By Bratislava Karlova Ves Municipality and the Municipality of Ferrara
Work-shadowing and study tours form a key part of the learning exchange process in PERFECT and take place when partners identify similar challenges and visit each other to understand how these issues are being overcome in each country.
This report covers 29-31 May 2018, when Bratislava Karlova Ves Municipality hosted the Municipality of Ferrara and their stakeholders. The agenda focused on site visits to green infrastructure (GI) in Bratislava and the exchange of experience on the protection and management of GI. The Municipality of Ferrara also presented their inspirational project the ‘Master plan for San Paolo Dock and Old Market in Ferrara’ at a Slovakian conference on GI (presentation available here).
GI in Bratislava has undergone significant development related to the fabric of the city itself; its natural background; the construction of new quarters; the use of squares and public spaces; changing needs and contemporary aesthetic criteria.
Background of GI in Bratislava
In medieval times, town squares in Bratislava were primarily market places and greenery was scarce apart from small monastic gardens of healing plants. However, gardens and vineyards existed behind the city fortifications, eg under the Castle hill was a large Palfy Garden (a remnant of which is the Svoradova park) and the Grassalkovich Palace garden.

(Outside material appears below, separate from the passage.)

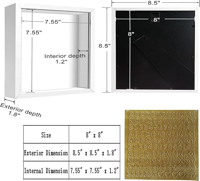 - Size: The white shadow box frame 8"x8" with an exterior depth of 1.8" and an internal dimension of 7.55"x7.55" with an interior depth of 1.2". And the packaging includes 1 sheet gift letter stickers.

The partial removal of the medieval walls in the 18th century created a continuous open space with green squares around the city. This ‘green belt’ is still visible including a system of five successive squares. In the 19th century ‘renaturalisation’ introduced greenery into the medieval city and squares, transforming the Main and Franciscan Squares. The late 1800s saw the creation of the Horský Park Mountain Park by retrofitting the Small Carpathian forest with new planting, benches and footpaths.
In the late 1900’s much of the GI in the squares was removed to recreate medieval market places including the removal of greenery and paving over of the Main Square in 2005. The trees were finally replanted in 2016 as part of a climate change adaptation project.
Photos: Newly renovated park in Svoradova, together with the design model, that has been used during the public participation process of the reconstruction
Project to bring back trees to the Main Square
Bratislava is surrounded by the valuable natural environment of the Danube and preserved floodplain forests, originally the border area with Austria (the so-called Iron Curtain). Today, the Pečňa floodplain forests have Natura 2000 protection.
Bratislava Forest Park and Kralova Hora-Royal Mountain are popular with local inhabitants. The introduction of sheep and goat grazing is part of the 'near-nature' management plan to preserve natural values. Karlova Ves is also introducing nature-related solutions and biodiversity protection including alternated mowing regimes, support for flowering meadows and planting of nectarous plants and insect hotels in public green areas.
In the Bratislava New Town, the Športpark Jama –Parc was built in the former bicycle stadium as a unique public park including exemplary sustainable rainwater management measures such as a rainwater retention lake, vegetation roof and green wall.
Several of these sites and projects included active public participation – eg the park at Svoradova and the Športpark Jama –Parc.
During work-shadowing, we visited Svoradova Park; the Castle and Baroque Garden; Main Square; Hviezdoslav Square; Jama Sport Park; Mountain Park and Water Garden and saw the effect of close maintenance of greenery and support for biodiversity in Líščie údolí, Karlova Hora, the Royal Mountain, Pečna floodplain forest and elsewhere.
These study visits demonstrate the opportunities of work-shadowing as a learning tool for EU partners and links visits to peculiar and sometimes unexpected interventions with information on implementation and management, focusing on critical aspects and innovative solutions.
The discussions focused on difficulties of working in historical contexts due to scarcity of public spaces to be transformed, and strict restrictions by public bodies responsible for cultural and historical heritage protection.
The realisation of small initiatives can be problematic as municipal officers have to negotiate different administrative levels. To this end, participatory processes can be a great support and Ferrara and Bratislava have strong traditions of citizen involvement in the planning, design and development of urban green transformations.
In conclusion, a key common link between Karlova Ves and Ferrara, to be developed as part of the Action Plan, is the need to integrate existing GIS databases with new integrated and multi-sectoral data-sets in order to build an effective tool for GI network management.